Com isso, serão duas as campanhas: Lula Livre e Lula presidente — no fundo, significam a mesma coisa. Ao defender Lula Livre, a aliança denuncia o processo violento com que se tirou o PT do Planalto e, em seguida, em uma ação que teve tramitação com rapidez anormal e com uma ação judicial sem provas e demonstração de culpa, se prendeu Lula. 

As duas coisas — o impeachment de Dilma e a prisão de Lula — representam a fotografia do golpe, e é preciso mostrá-la ao eleitor, o que significa radicalizar a democracia: demonstrar a torpeza em todos os seus detalhes e dar ao eleitor a oportunidade de entender que, por conta disso, o alvo não é apenas Dilma, Lula ou o PT. O alvo é a soberania da nação — afastá-los abriu caminho para o saque. Não é à toa que o litro da gasolina custava R$ 2,90 e hoje está em R$ 5,00.

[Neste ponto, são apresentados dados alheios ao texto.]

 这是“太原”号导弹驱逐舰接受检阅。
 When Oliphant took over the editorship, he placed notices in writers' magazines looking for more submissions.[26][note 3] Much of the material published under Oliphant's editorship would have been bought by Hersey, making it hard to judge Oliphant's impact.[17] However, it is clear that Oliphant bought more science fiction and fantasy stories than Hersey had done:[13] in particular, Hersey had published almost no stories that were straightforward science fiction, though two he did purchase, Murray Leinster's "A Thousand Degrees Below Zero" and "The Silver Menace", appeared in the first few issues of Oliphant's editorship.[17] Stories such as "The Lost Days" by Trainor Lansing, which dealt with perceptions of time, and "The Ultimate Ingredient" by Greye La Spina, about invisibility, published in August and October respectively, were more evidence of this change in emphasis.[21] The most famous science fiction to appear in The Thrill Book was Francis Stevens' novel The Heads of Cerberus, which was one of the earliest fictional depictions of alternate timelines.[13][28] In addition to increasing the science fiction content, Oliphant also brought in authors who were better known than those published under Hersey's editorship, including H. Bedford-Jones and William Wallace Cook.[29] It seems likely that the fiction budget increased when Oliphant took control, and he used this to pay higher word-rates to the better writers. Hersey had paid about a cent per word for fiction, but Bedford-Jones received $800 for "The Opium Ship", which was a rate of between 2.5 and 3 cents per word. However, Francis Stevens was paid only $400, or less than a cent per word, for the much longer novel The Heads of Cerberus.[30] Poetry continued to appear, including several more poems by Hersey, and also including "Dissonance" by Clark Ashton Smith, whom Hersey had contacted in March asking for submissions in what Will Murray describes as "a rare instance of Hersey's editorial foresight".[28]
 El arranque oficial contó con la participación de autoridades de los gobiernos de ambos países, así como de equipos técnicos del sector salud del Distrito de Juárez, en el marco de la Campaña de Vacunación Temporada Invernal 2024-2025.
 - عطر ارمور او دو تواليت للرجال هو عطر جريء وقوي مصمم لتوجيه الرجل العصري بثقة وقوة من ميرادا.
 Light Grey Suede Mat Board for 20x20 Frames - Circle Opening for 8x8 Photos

Lula está tendo seus direitos políticos roubados, num processo viciado, mas o roubo maior ocorre no bolso da maioria dos brasileiros. 

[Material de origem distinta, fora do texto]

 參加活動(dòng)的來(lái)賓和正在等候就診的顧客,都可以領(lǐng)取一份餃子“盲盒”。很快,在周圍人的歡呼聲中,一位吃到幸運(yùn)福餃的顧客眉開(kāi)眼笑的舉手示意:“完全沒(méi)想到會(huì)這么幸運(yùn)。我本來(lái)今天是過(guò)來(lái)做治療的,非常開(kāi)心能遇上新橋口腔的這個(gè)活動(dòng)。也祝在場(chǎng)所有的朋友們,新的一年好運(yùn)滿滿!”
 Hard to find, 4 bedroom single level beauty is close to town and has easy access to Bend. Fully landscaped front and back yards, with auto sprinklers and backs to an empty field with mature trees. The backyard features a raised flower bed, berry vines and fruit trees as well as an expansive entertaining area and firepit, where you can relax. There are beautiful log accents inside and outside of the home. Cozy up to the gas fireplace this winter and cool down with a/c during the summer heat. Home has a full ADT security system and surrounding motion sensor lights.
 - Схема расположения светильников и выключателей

Se Lula, por conta desse processo, não puder ser candidato, Haddad será, com Manuela vice. Se Lula puder ser candidato, Haddad cede o lugar de vice para Manuela. Dois nomes serão registrados na justiça eleitoral neste momento — Lula e Haddad —, mas são três os nomes que, informalmente, estão na chapa — além dos dois, Manuela. É uma chapa com três nomes.

Nunca aconteceu isso antes no Brasil, mas também não é sempre que o Brasil sofre um golpe. 

Para combater a violência institucional, há momentos em que o povo pega em armas. Na escola do PT, isso está descartado. O que o partido aprendeu a fazer é disputar eleição. 

Mostrou que, derrotado nas urnas, sabe perder. Mas não abre mão do direito de tentar ganhar. E, ao ganhar, usar o governo como meio de transformar efetivamente o país. No governo já errou, e muito, mas a costura política concluída neste fim de semana mostra que o PT e seus aliados mais próximos, como o PCdoB, não desistiram de tentar.